Your mother fell and was only bruised, thankfully. No matter where you place her, she is likely going to fall again, even with supervision. There is no such thing as 24/7 supervision in any managed care facility on earth; even if you were to hire someone to sit with her 24/7, she can STILL fall b/c that's just the way it goes. The aide will have to use the bathroom or take a break herself; so your mom will be 'unsupervised' at some points throughout the day no matter WHAT. And then there's sleep; no aide will stay up all night long to watch mom sleep and make sure she stays asleep. Many of my mother's falls have been out of bed.

So don't dwell on falls or be unrealistic about the fact that they happen to elders and there's nobody to blame, really. As far as the ER goes, I would think if your mom had a lung collapse or pneumonia, they'd have admitted her, right? Then again, I had to have my mother taken to the ER recently for chest pain, and they gave us the bum's rush, to be honest with you. She didn't have Covid, so they wanted her OUT of there, gave her a blood test (for chest pain) and off she went. The EKG was given to her in the ambulance, it was normal, so that was that. No CT scan for a pulmonary embolism (which is what I think was going on), nope. Disgraceful how they treat elders these days, imo.
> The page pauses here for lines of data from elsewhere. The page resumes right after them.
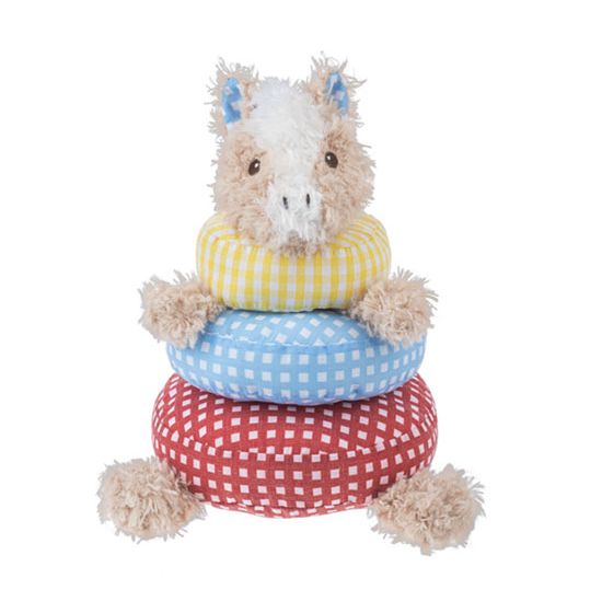 Adorable plush horse stacker with three rings to stack from Baby Ganz, 9". Blue checked fabric inside its ears makes it super cute!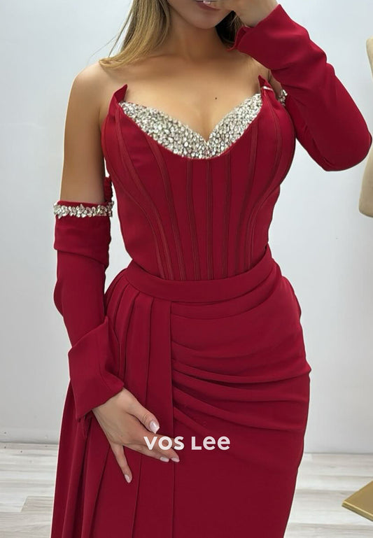 Strapless Sweetheart Rhinestone Embellished Pleated Mermaid Evening Dresses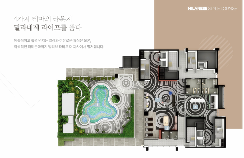 여기에 입주민들을 위한 4개의 라운지도 갖췄으며, 세대 내부에는 이탈리아 명품 주방가구 페발까사가 무상으로 제공된다.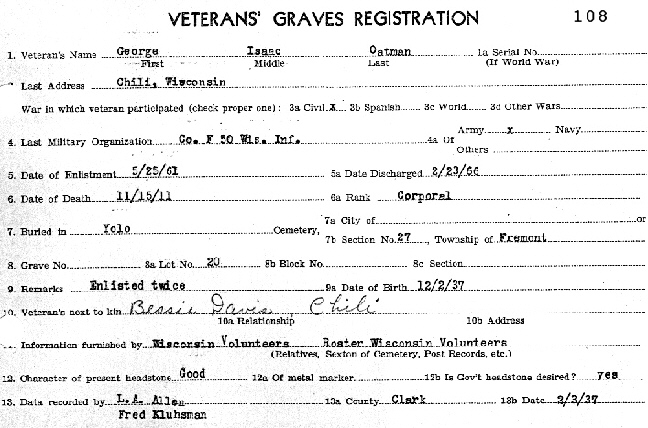 PINE VALLEY | 1827-1922; Co. G, 14th WI Inf.; CPL; 12Sep1863-9Oct1865; VGR#398; Obit | 9Aug1827-16Oct1922 | Mrs. Joe Bass-dau. of Neillsville & J. L. Neverman Records |
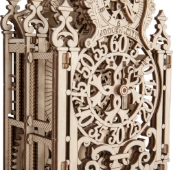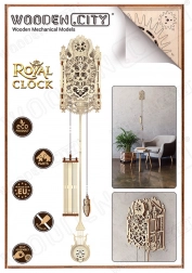Træ 3D-puslespil WOODEN CITY Kongelige ur er et fremragende mesterværk med avancerede detaljer og elegante linjer. Den perfekte gave til elskere af skønhed og overraskelser. Modellen er inspireret af rokoko-stilen og inkluderer detaljerede, udskårne sammenflettede mønstre. Det kongelige ur er designet til at fungere som et ægte tidsmåler med justerbar pendulperiode, som afhænger af mængden af indsatte mønter.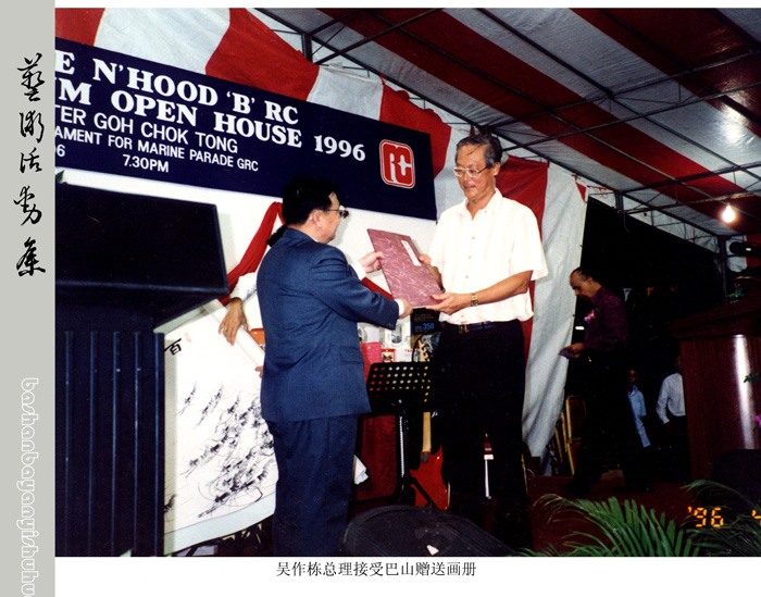 1994年,巴山应邀为泰国前总理克立·巴莫亲王作画,中华名人协会副会长曹岩华将军与巴莫亲王展示巴山作品。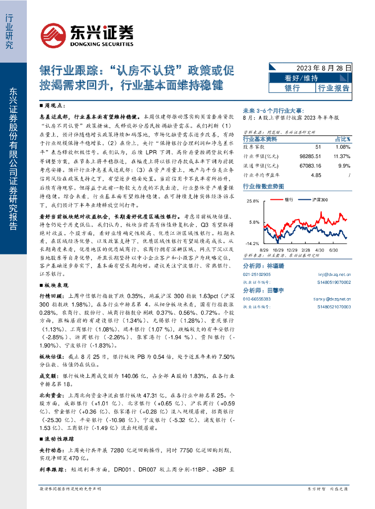 东兴证券:银行业跟踪:“认房不认贷”政策或促按揭需求回升,行业基本面维持稳健.pdf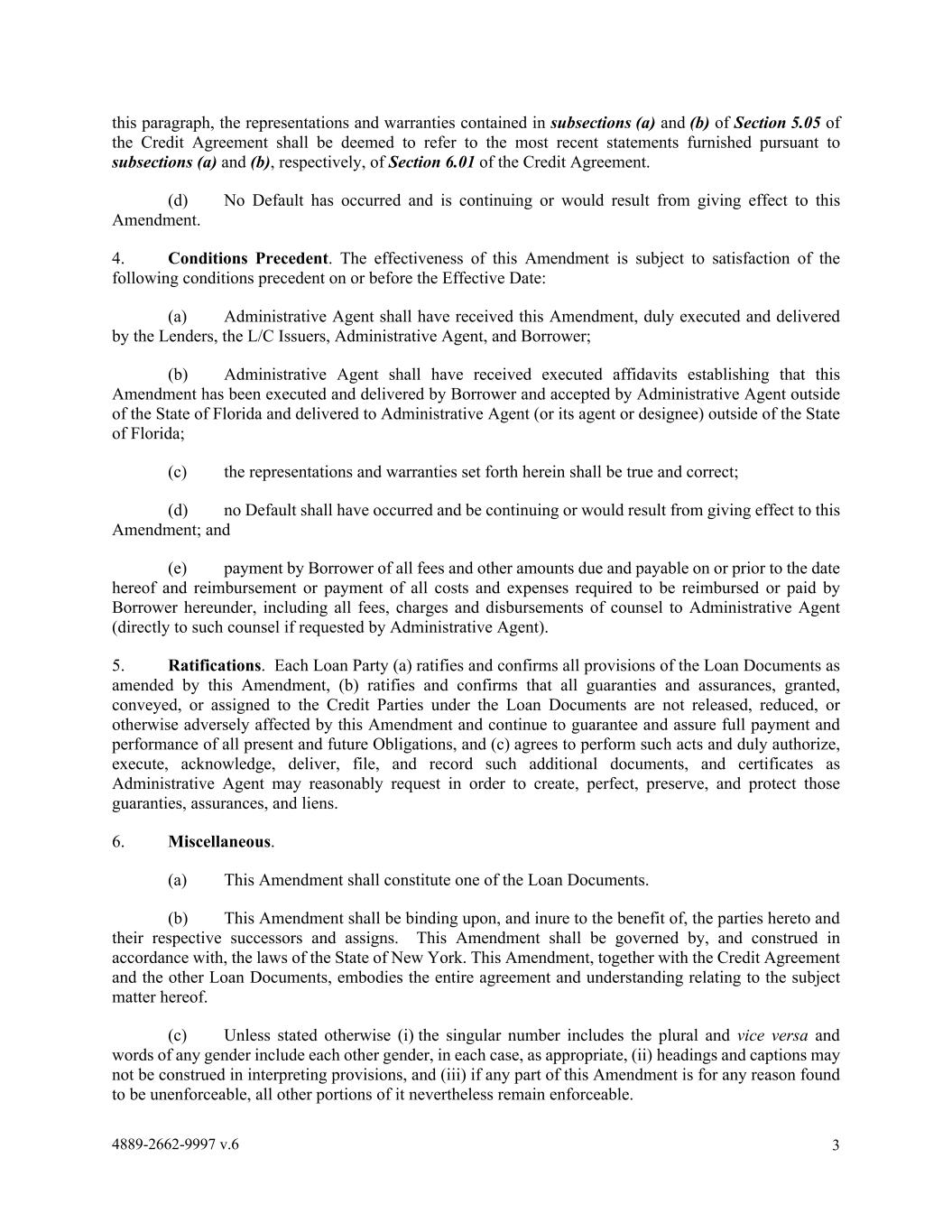 4889-2662-9997 v.6 3 this paragraph, the representations and warranties contained in subsections (a) and (b) of Section 5.05 of the Credit Agreement shall be deemed to refer to the most recent statements furnished pursuant to subsections (a) and (b), respectively, of Section 6.01 of the Credit Agreement. (d) No Default has occurred and is continuing or would result from giving effect to this Amendment. 4. Conditions Precedent. The effectiveness of this Amendment is subject to satisfaction of the following conditions precedent on or before the Effective Date: (a) Administrative Agent shall have received this Amendment, duly executed and delivered by the Lenders, the L/C Issuers, Administrative Agent, and Borrower; (b) Administrative Agent shall have received executed affidavits establishing that this Amendment has been executed and delivered by Borrower and accepted by Administrative Agent outside of the State of Florida and delivered to Administrative Agent (or its agent or designee) outside of the State of Florida; (c) the representations and warranties set forth herein shall be true and correct; (d) no Default shall have occurred and be continuing or would result from giving effect to this Amendment; and (e) payment by Borrower of all fees and other amounts due and payable on or prior to the date hereof and reimbursement or payment of all costs and expenses required to be reimbursed or paid by Borrower hereunder, including all fees, charges and disbursements of counsel to Administrative Agent (directly to such counsel if requested by Administrative Agent). 5. Ratifications. Each Loan Party (a) ratifies and confirms all provisions of the Loan Documents as amended by this Amendment, (b) ratifies and confirms that all guaranties and assurances, granted, conveyed, or assigned to the Credit Parties under the Loan Documents are not released, reduced, or otherwise adversely affected by this Amendment and continue to guarantee and assure full payment and performance of all present and future Obligations, and (c) agrees to perform such acts and duly authorize, execute, acknowledge, deliver, file, and record such additional documents, and certificates as Administrative Agent may reasonably request in order to create, perfect, preserve, and protect those guaranties, assurances, and liens. 6. Miscellaneous. (a) This Amendment shall constitute one of the Loan Documents. (b) This Amendment shall be binding upon, and inure to the benefit of, the parties hereto and their respective successors and assigns. This Amendment shall be governed by, and construed in accordance with, the laws of the State of New York. This Amendment, together with the Credit Agreement and the other Loan Documents, embodies the entire agreement and understanding relating to the subject matter hereof. (c) Unless stated otherwise (i) the singular number includes the plural and vice versa and words of any gender include each other gender, in each case, as appropriate, (ii) headings and captions may not be construed in interpreting provisions, and (iii) if any part of this Amendment is for any reason found to be unenforceable, all other portions of it nevertheless remain enforceable.

In my opinion, it sounds like your mother might be better off in a SNF, certainly not independent living with 24/7 supervision. She has too many issues/needs to warrant having only one person in charge of her care. She's like my mother in that she would do better with an entire team looking after her. And in a SNF, they have the equipment to look after her properly vs. a Memory Care which is more limited in what they can do. For example, my mother was getting horrific nose bleeds from her blood thinners; each time at the AL and the MC, she'd be sent off to the ER in an ambulance to get them to stop the bleeding. When she was in a SNF for rehab after a hospital stay, she got a nose bleed and THEY handled it there w/o even calling me! No ER visit, nothing. They were able to get the bleeding to stop in short order. If she were in a SNF, I don't think you'd need to get an apartment closer to your mom, either, b/c they wouldn't be calling you every 15 minutes like they do in a Memory Care ALF! Trust me, I know..........I've gotten 3 or 4 calls a DAY from the MC on some days. My mother is this-close to needing a SNF herself, and even closer to running out of money to private pay for the MC, so I'll be going the SNF route myself come summertime.

Wishing you the best of luck finding the right situation for your mom. Sending you a hug and a prayer for peace; I feel your pain when you say you're a nervous wreck.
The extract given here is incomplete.